Anil Kumar Gain was born in a poor BengaliMahishya family of a village named Lakkhi in Purba Medinipur, West Bengal, to Jibankrishna Gain and Panchami Devi.[4] His father having died in his childhood, he and his siblings were brought up by his widowed mother under economic hardship. He started his education in an informal local school and was admitted to a formal school when he was eight. In his schooldays, he showed particular interest in English and mathematics, subjects he was primarily taught by his mother. Upon finishing school, he travelled to Kolkata to study mathematics from Surendranath College, followed by a master's degree in applied mathematics from the Rajabazar Science College, University of Calcutta. He was declared the University Gold Medalist for the year 1943.[5]
Career
After briefly teaching at Presidency College and Bengal Engineering College, Gain married Krishna Chongdar, the daughter of a famous and wealthy Bengali businessman. He travelled to England in 1947, to pursue his Ph.D. from the University of Cambridge in mathematical statistics – only to complete it in the year 1950. It was there that he met the famous Henry Ellis Daniels, under whose supervision he wrote most of his papers. He also befriended Sir Ronald Fisher there, and spent much of his time working with him in the field of applied statistics.
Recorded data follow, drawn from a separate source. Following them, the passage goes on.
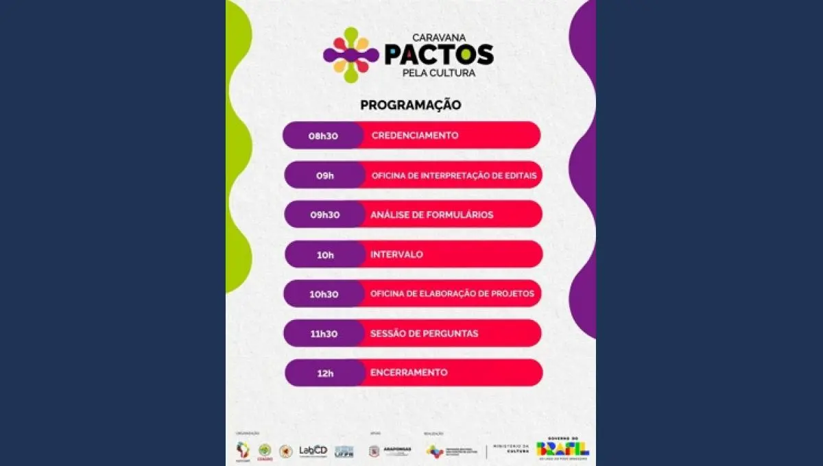 As atividades são voltadas para agentes culturais e todos os interessados em aprender a criar e desenvolver projetos culturais. As inscrições para o encontro podem ser feitas por meio de formulário disponibilizado pelos organizadores.
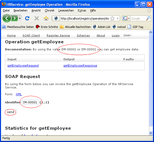 In the top box you can see the request you just have send. In the bottom box you get the response. There you see that EM-00001 belongs to John Doe. Press the "use this request as ping" link to set the ping request for availability testing.
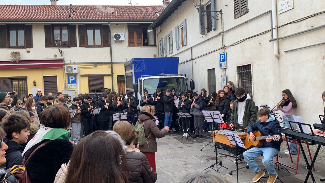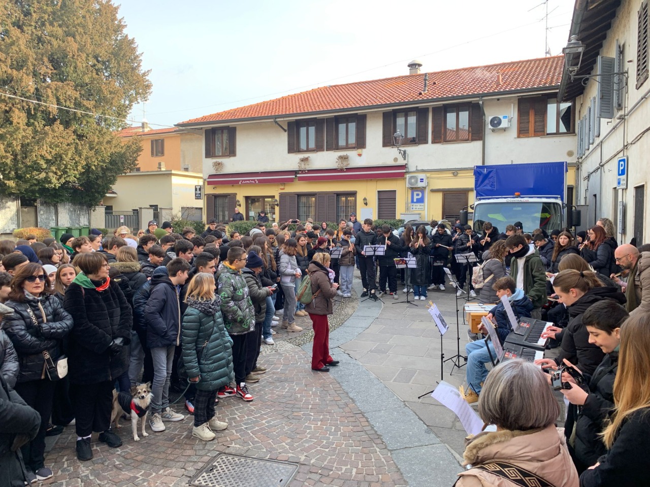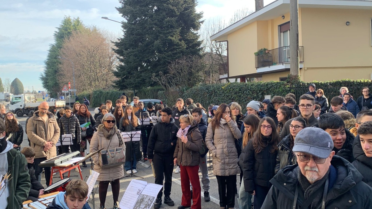 Presenti anche centinaia di studenti della scuola secondaria di primo grado Bontempi che, insieme ad Anpi, hanno approfondito la storia dei due agratesi a cui sono state dedicate le due pietre e hanno accompagnato la cerimonia con le note dell’Inno di Mameli e de “La vita è bella”.

Due to his efforts to revolutionise education in Bengal, he became a key figure in the latter half of the Bengali Renaissance, as well as a renowned scholar and academic. In 2012, Vidyasagar University announced the establishment of the Anil Kumar Gain Memorial Lecture, in honour of his contributions to the university, and to Bengal as a whole.[8] On 1 February 2019, Dr.Abhijit Guha, Former Professor of Anthropology, Vidyasagar University delivered the Anil Gayen Birth Centenary Memorial Lecture.[9][10][11] An elaborate version of the lecture was published in South Asian Anthropologist.[12]
He died a week after his birthday, on 7 February 1978, of natural causes at his residence in Kolkata, India. His descendants still live in Kolkata, as well as abroad.[13]